Dessa forma, deu provimento ao recurso da União, determinando que a empresa recolha a CSLL a partir da decisão da ADI, observadas as anterioridades aplicáveis, e propôs a seguinte tese: “a eficácia temporal de coisa julgada material derivada de relação tributária de trato continuado possui condição resolutiva que se implementa com a publicação de ata de ulterior julgamento realizado em sede de controle abstrato e concentrado de constitucionalidade pelo Supremo Tribunal Federal, quando os comandos decisionais sejam opostos, observadas as regras constitucionais da irretroatividade, a anterioridade anual e a noventena ou a anterioridade nonagesimal, de acordo com a espécie tributária em questão”.
Até o momento, acompanharam o relator os ministros Luís Roberto Barroso, Rosa Weber, Dias Toffoli e Gilmar Mendes.
No mesmo sentido, deu-se o voto do ministro Luís Roberto Barroso no RE 955.227 (Tema 885), defendendo que a eficácia das decisões que reputam determinado tributo constitucional ou inconstitucional também cessa diante de nova decisão do STF proferida em controle difuso de constitucionalidade. Para que isso ocorra, no entanto, o recurso extraordinário em questão deve ser julgado em sede de repercussão geral, segundo o ministro.
No caso concreto, como não se trata de repercussão geral, o relator votou contra a União para determinar que o contribuinte não seja obrigado a recolher o tributo cobrado, sendo acompanhado pelos ministros Rosa Weber e Dias Toffoli. O ministro Gilmar Mendes divergiu parcialmente, por entender que o afastamento da coisa julgada pode ocorrer mesmo quando o julgamento se der fora da sistemática de repercussão geral.

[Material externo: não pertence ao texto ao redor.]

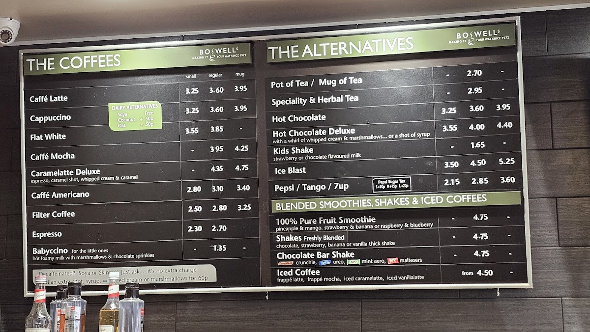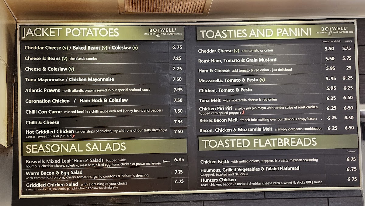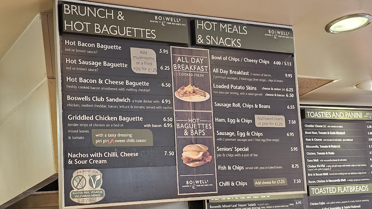Welcome to Boswells, a charming café nestled in Kingschase Centre, Bristol. Here, the menu is a delightful fusion of comfort and flavor, perfect for a cozy meal or a quick snack. Indulge in their savory offerings like the Bowl of Cheesy Chips or the hearty Steak Pie, both designed to tantalize your taste buds without breaking the bank. For something sweet, pair your meal with a Hot Chocolate Deluxe or one of their refreshing 100% Pure Fruit Smoothies. Customers rave about the warm atmosphere and friendly service, making it a favorite spot for shoppers and families alike. Whether you’re stopping by for a quick drink or a leisurely lunch, the inviting ambiance and consistently delicious food make Boswells a must-visit. With plans to return, it’s clear that this café has carved a niche in the hearts of its patrons. Experience the magic of Boswells—you won’t be disappointed!
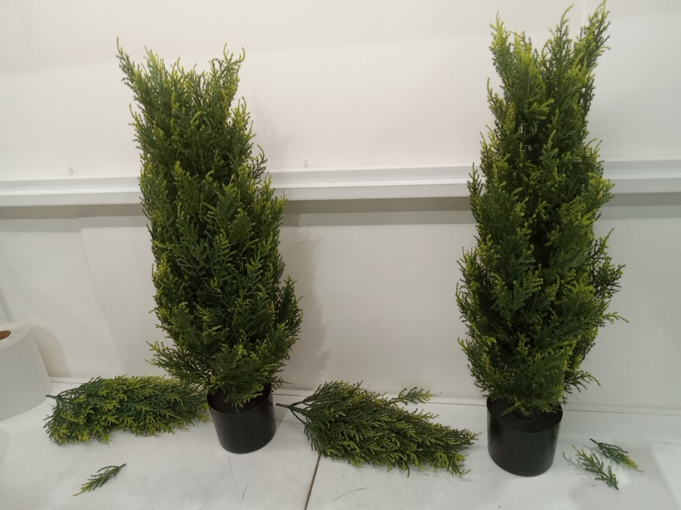 2PK ARTIFICIAL CEDAR TOPIARY TREES - 4FT - GREEN WITH BLACK POT
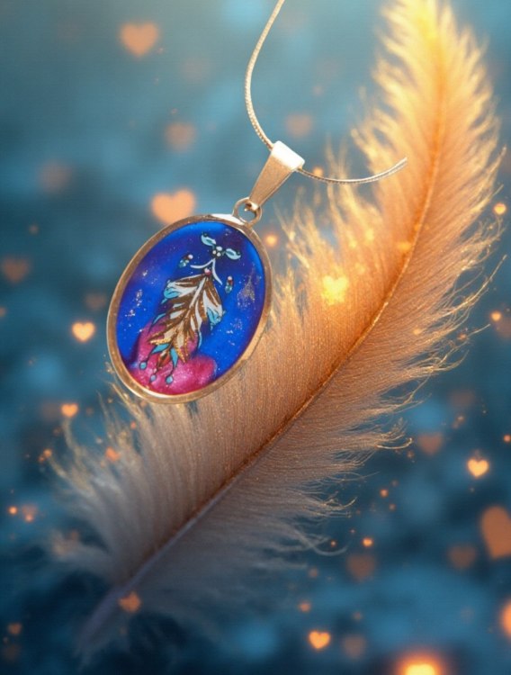 Centralnym motywem jest pióro w kolorystyce biało-złoto-niebieskiej 🪶 - symbol ochrony, intuicji i wolności. Całość delikatnie oprószona jest złotą miką, która tworzy efekt subtelnego brokatu, pięknie odbijającego światło i podkreślającego artystyczny charakter naszyjnika ✨.
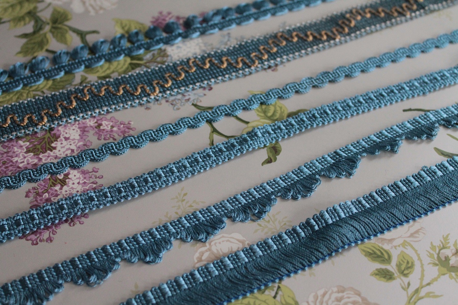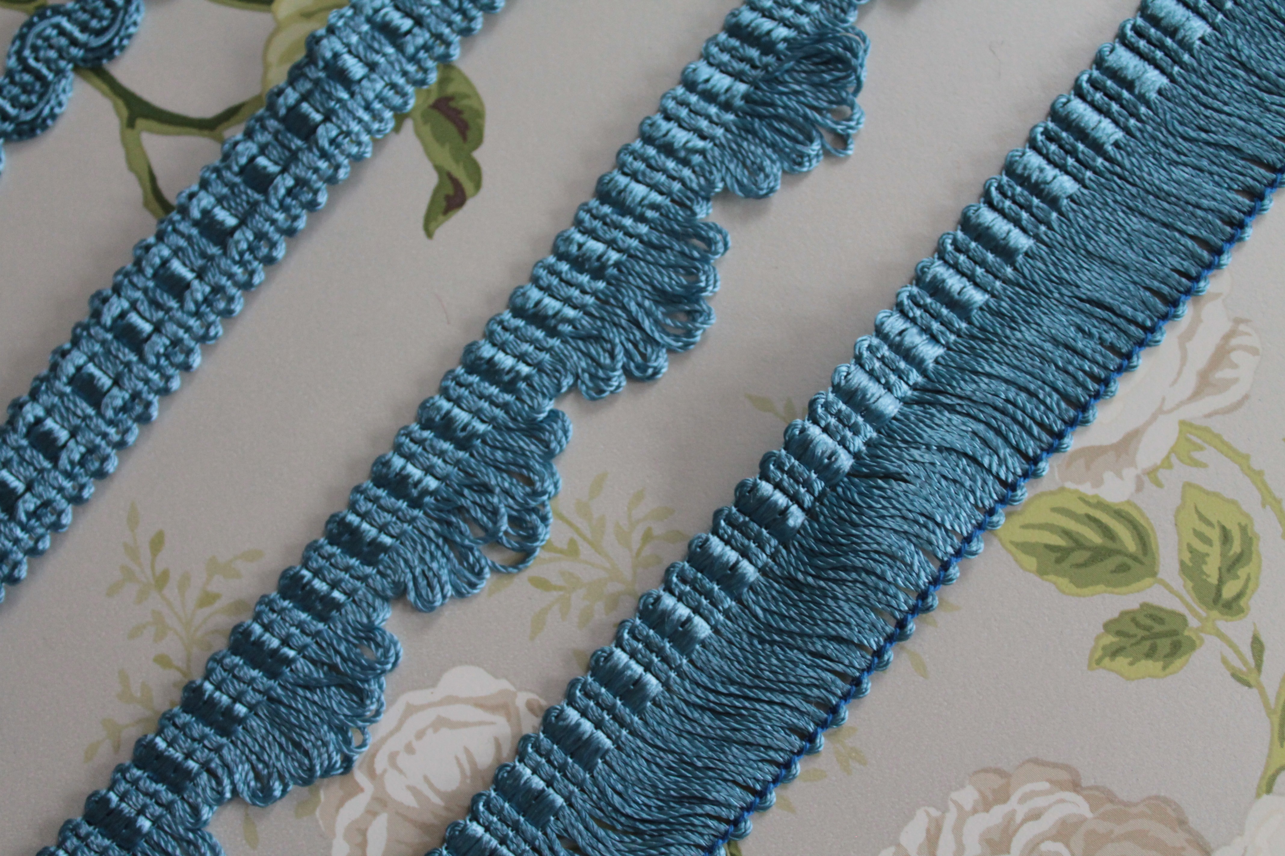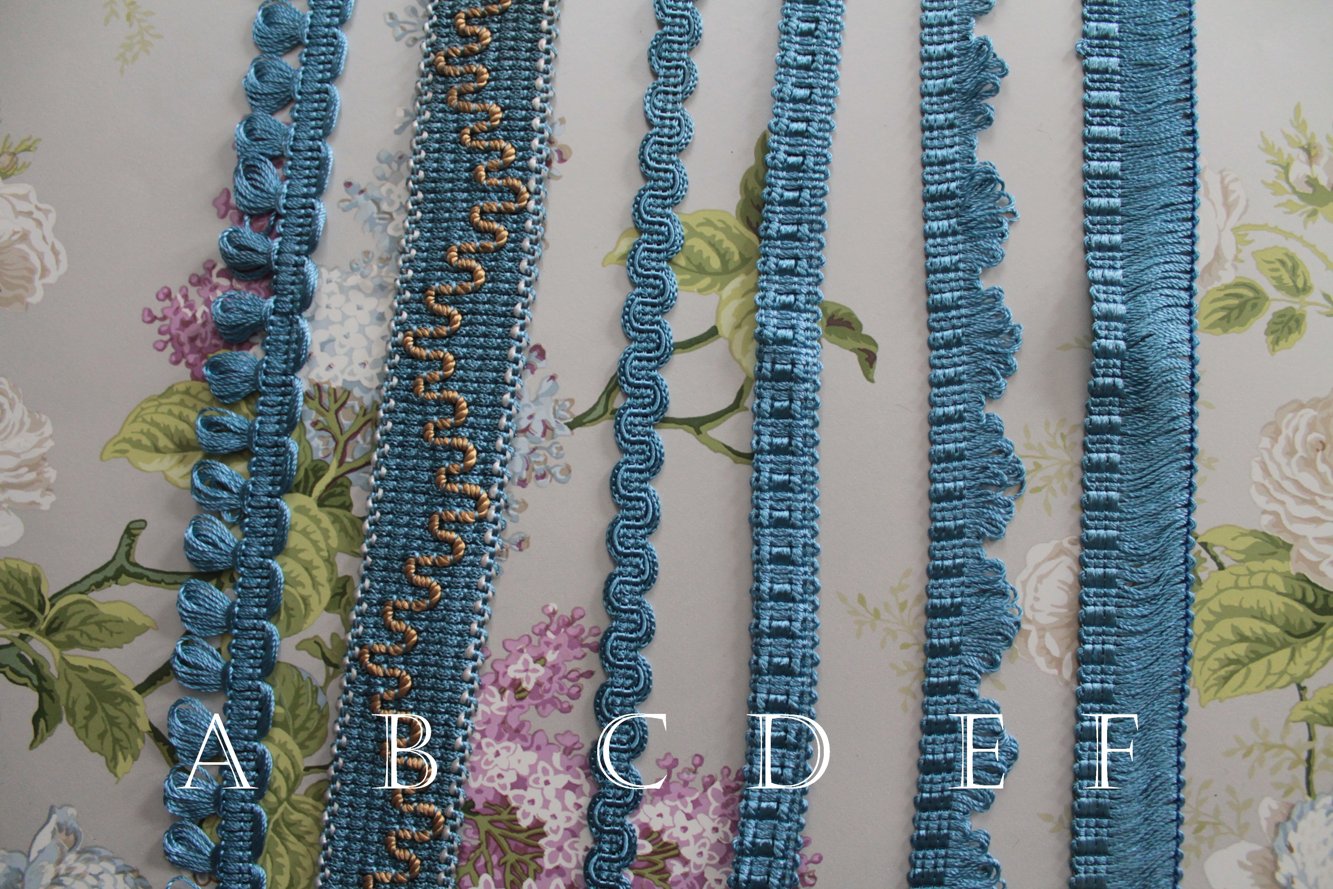 Garniture bleue de passementerie française pour bordure d'abat jour ou embrasse à rideaux, 2419

Em relação à fixação da tese, todavia, Barroso foi parcialmente favorável à União, propondo o seguinte: “1) As decisões do STF em controle incidental de constitucionalidade, anteriores à instituição do regime de repercussão geral, não impactam automaticamente a coisa julgada que se tenha formado, mesmo nas relações jurídicas tributárias de trato sucessivo. 2) Já as decisões proferidas em ação direta ou em sede de repercussão geral interrompem automaticamente os efeitos temporais das sentenças transitadas em julgado nas referidas relações, respeitadas a irretroatividade, a anterioridade anual e a noventena ou a anterioridade nonagesimal, conforme a natureza do tributo”.
Nesse caso, o voto do relator e dos demais ministros que já se manifestaram – Dias Toffoli, Rosa Weber e Gilmar Mendes – foram favoráveis à União no que diz respeito à interrupção dos efeitos das sentenças transitadas em julgado quando da mudança de entendimento jurisprudencial pelo STF, a despeito da divergência parcial do Ministro Gilmar Mendes.
De qualquer forma, ambos os relatores concordaram que a mudança no entendimento do STF quanto a um tributo faz nascer um tributo novo para o contribuinte que se via salvaguardado pela coisa julgada, de modo que a ata de julgamento seria equivalente ao primeiro dia de vigência da norma, que deverá produzir efeitos somente após os períodos das regras da anterioridade de acordo com a espécie tributária em questão.
Com o pedido de vista pelo ministro Alexandre de Moraes, ainda não há previsão para conclusão de tão relevante julgamento. Não há dúvida, porém, de que seu resultado tem grande potencial de impacto sobre a segurança jurídica dos contribuintes.